For my birthday this year (end of September), my husband gave me a cabinet full of tea from a name-brand loose-leaf tea place in the mall. Always delicious, but very expensive, so naturally his gift surprised and elated me. I finished my first freshly-brewed cup at home cuddled underneath blankets and looked into the tea dispenser at the remains.
“Hm, that doesn’t look like a Kiwi. That looks like an apple,” I thought about the supposedly kiwi-flavored tea. I ate it, and yup, definitely an apple that tasted like it had been soaked in perfume and chemicals. I drink tea for solace and relaxation, but also for health benefits, so I immediately became skeptical. I researched the health benefits of this brand of tea I was drinking and was absolutely shocked at my findings. This article, this article, this article, and this one too confirmed my fears that not only was I not drinking Kiwi, but I was drinking artificial flavorings, chemicals, and pesticides at alarming rates.

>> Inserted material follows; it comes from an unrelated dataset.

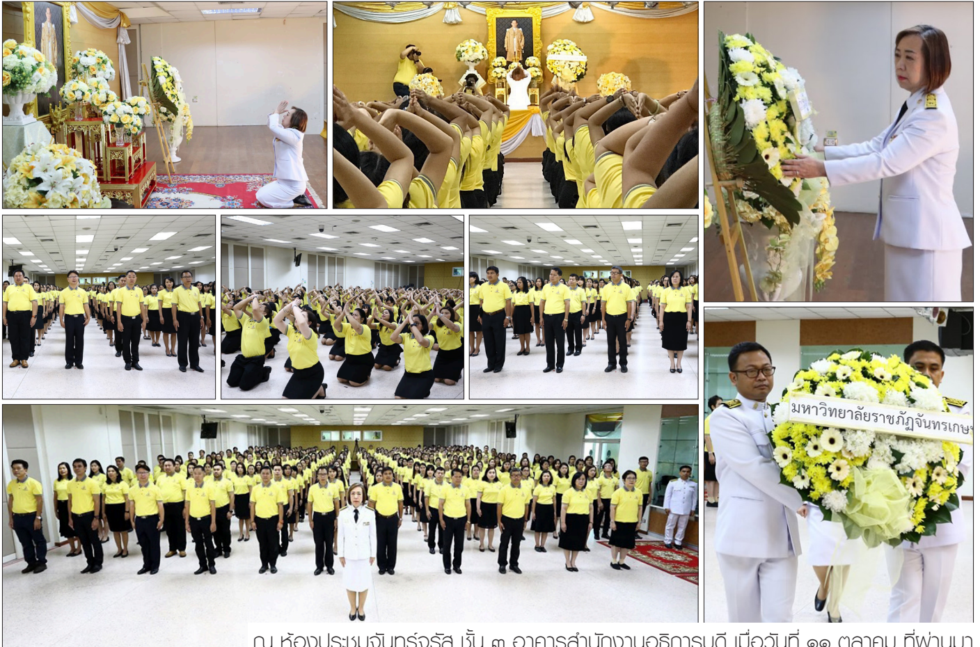
ณ ห้องประชุมจันทรจรัส ชั้น ๓ อาคารสำนักงานอธิการบดี เมื่อวันที่ ๑๑ ตุลาคม ที่ผ่านมา

Immediately, I felt a strange rage come over me. Why strange? Because for most of my life, rage wasn’t something that was commonly thought to be a holy feeling. Why rage? Because I felt tricked, duped, and taken advantage of. This company that advertises “high quality teas” was using such language not only to take more of my money than we would otherwise like, but also to trick me into thinking what I was drinking was healthy! Long story short, over the course of the next couple weeks, I got all of our money back and used it to buy my own fair-trade and organic ingredients to make my own tea blends at home, eventually turning that idea into a business.
Let’s go back to that rage I felt for a minute. Do you remember this post about my past abusive relationship and thought about abusive religion? Every time I leave a circle of being used or taken advantage of, my radar for sensitivity to such manipulation increases along with my anger at it. My family, my church leadership, my relationships, — as I sought healing from each of these “rings of abuse,” my ability to recognize being used strengthens along with my anger at it. So now that I have stepped outside the ring of abuse of religion, I feel like my vision has clarified to a peak. Now, if I feel manipulated by anything from a multi-level-marketting scam from a friend to pleas from a supposed charity to give of myself, I feel rage. From language from family and in-laws to make me feel guilty for their immaturity to a tea business in the mall, I feel rage.
Rage used to be a feeling I should seek to avoid, or at least seek to forgive whoever it was directed at in order to get rid of it as soon as possible. Now? I find it empowering. Incredibly freeing. And revelatory of my growth towards being self-protecting and self-caring instead of self-denying and self-sacrificing.